CFM is the thing...
John,
It's best to go by CFM (cubic feet per minute), not HP. Not all pumps that require a 5HP motor are the same. Check the output at 90 PSI, which is where I run my drills and die grinders.
I have been using a 2 cyl 5HP wet pump compressor with 25 gallon tank, rated at 6.4CFM @90 PSI. It is fine for riveting and most drilling. While drilling wing skins I was operating that drill continuously, and eventually the RPM would slow, and the compressor ran most of the time. This was not a problem, as the pump is cast iron and is built for it, but I don't like slowing down to wait for the compressor to catch up.
What makes the compressor run is how many CFM your tools draw. Cheap drills will suck tons of air, as do blow guns, conventional spray guns, DA sanders, bead blasters and die grinders. Is my 6CFM enough? OK for riveting, and adequate for drilling if you don't mind waiting. But, When dressing parts with a die grinder and scotch brite disks, 6CFM was not enough, the grinder would lose RPM, and I'd have to wait for the compressor to fill the tank. the Pump also got pretty hot.
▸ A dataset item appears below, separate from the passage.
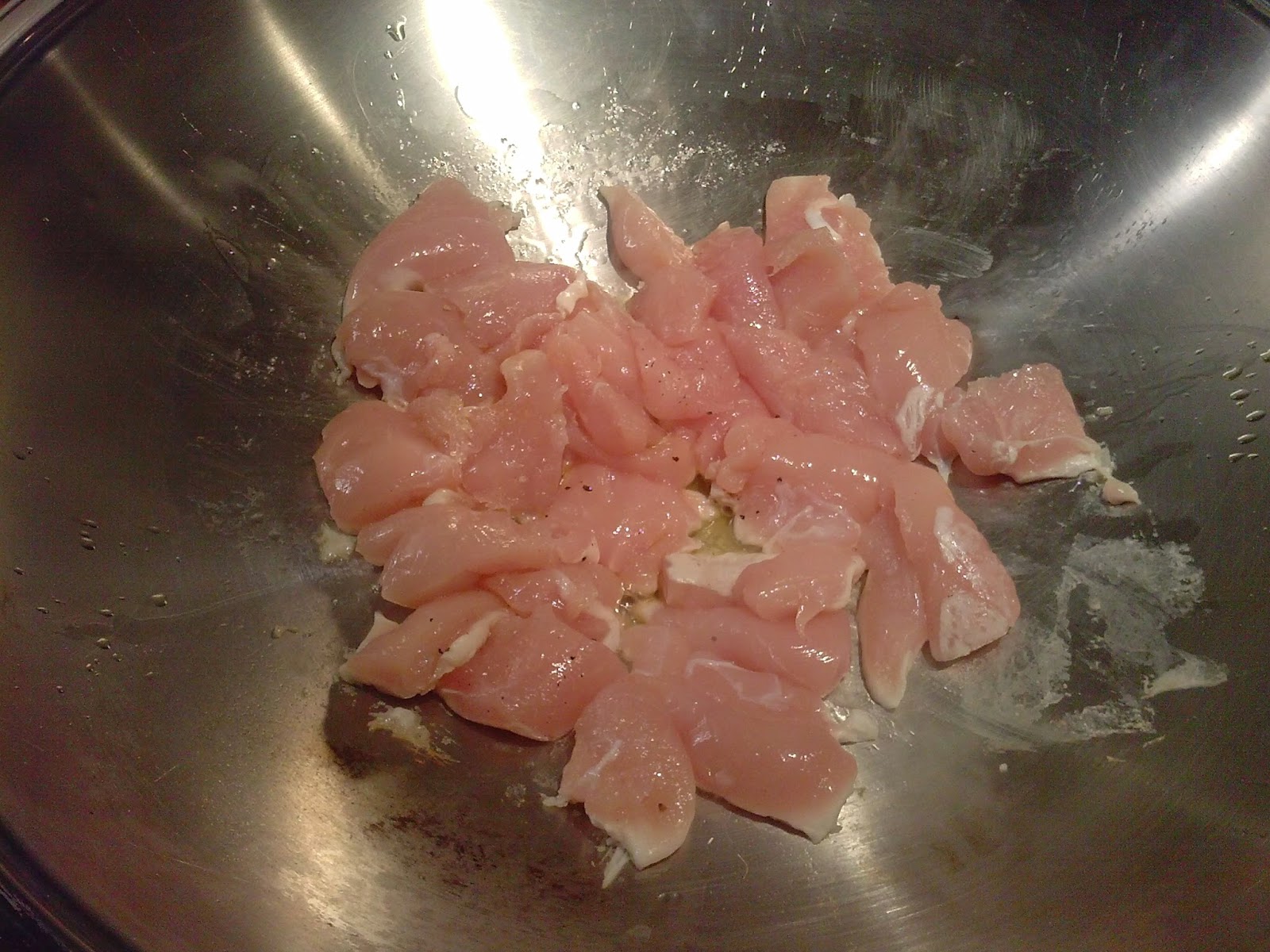 Lo primero va a ser saltear el pollo. Si es en un wok no vamos a usar nada de aceite, en caso contrario unas gotitas. Salpimentamos y cocinamos hasta tenerlo dorado por todos sitios. En ese momento añadimos las almendras y las verduras. Vamos a cocinarlas unos minutos todo junto y añadiremos la harina y el vaso de caldo. Me ha sobrado un poco de repollo de los rollitos, así que también se lo he puesto.

Also, I've been spraying furniture with Lacquer in a cheap automotive paint gun, and here too, during a long session, I'd have to stop painting to wait for the compressor to catch up. In hindsight, I wish I had spent a tad more and gone with one that would put out above 12 CFM at 90 PSI, which is what most of my sanding and grinding tools need.
I'm now building a new shop and upgrading my compressor to a vertical tank model, that'll do 14CFM at 110 PSI. I got tired of the compressor running all the time, and I'd like to run a bead blaster. This will be the last compressor I have to buy, cause it'll run anything I hook up to it. Northern Tool has many good compressors on sale with free shipping right now.
Another tip, If you can put your compressor in another room, or mount it outside, that would help to lessen the noise.